The Controller of Budget has threatened to stop the release of funds to the county government following a continued failure by City Hall to remit collected local revenue to the County Revenue Fund account.

Through a paper tabled at the County Assembly, on the consideration of the controller of budget, Mr Michael Okumu, the chairman of the committee on budget and appropriation, said the county treasury had been breaching the law by using collected revenue at source.

“The budget committee confirmed from treasury that they have been cases when there had not been total fidelity to the law with regard to use of collected revenue at source,” said Mr Okumu.


The controller of budget office reported that the breach has left them with no option but to revoke the provision of Section 96 of the Public Finance Management Act and invite the Cabinet secretary for National Treasury to stop further release of funds to the county.

However, the County Assembly budget committee has pleaded for the consideration of the proposed sanctions terming it ‘hefty to bear’ over negligence of a few county officials.

Mr Okumu has also recommended periodical submits from the county treasury for the documentation showing all revenues collected and those taken to the County Revenue Fund.
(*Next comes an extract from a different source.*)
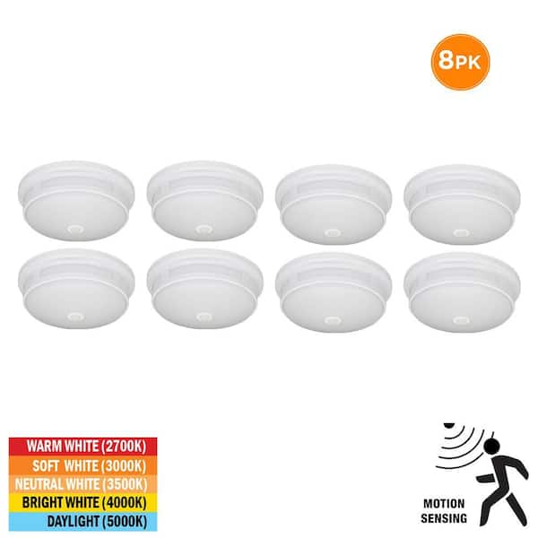 11 in. White Motion Sensing LED Flush Mount Indoor Outdoor Ceiling Light Adjustable CCT 830LM 11.5W (8-Pack)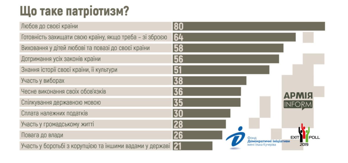 Основними складовими патріотизму більшість українці вважають передовсім любов до своєї країни та готовність захищати її, якщо треба – зі зброєю. Про це свідчать результати дослідження, проведеного Фондом «Демократичні ініціативи» імені Ілька Кучеріва спільно з соціологічною службою Центру Разумкова, які оприлюднені на сайті фонду «Демократичні ініціативи» імені Ілька Кучеріва.

The County budget Coordinator from the controller of budget office Ms Sheikh Farhiya Ibrahim also raised concerns on the departments spending.


He said the County had turned into an employment bureau with the bulk of its resources, pegged at 66 per cent, going to remuneration of employees.

“These are indeed huge numbers and if nothing is done to change the trend of the Sh2.61 billion increase in compensation expenses then the county may very well end up becoming an employment bureau at a very early stage of devolution,” read the report from Ms Sheikh.

Seven sectors have spent in excess of the approved budget of recurrent purposes including county public service board, office of the governor, health sector, ICT, finance and economic planning, water and trade.

The office of the Governor was allocated Sh4.31 billion for recurrent expenses and Sh476 million for development in the financial year 2014/2015. The Exchequer requisitioned for Sh3.08 billion and spent Sh5.34 billion on recurrent budget.


“An excess of Sh564 million over its budget allocation was not legalised through a supplementary budget and during the year there was no requisition of development funds though Sh145 million was spent towards development,” said Ms Sheikh.

County Public Service Board was allocated Sh79.94 million for recurrent expenses and Sh28 million for development.

However, it requisitioned Sh38.48 million and spent in excess of Sh58 million creating an excess of Sh15.27 million though there was no requisition on development they spent Sh3.64 million.

Nairobi County had approved a budget of Sh28.76 billion, which was later revised, through a supplementary budget, to Sh25.59 billion. It allocated Sh18.74 billion for recurrent expenditure and Sh6.85 billion for development.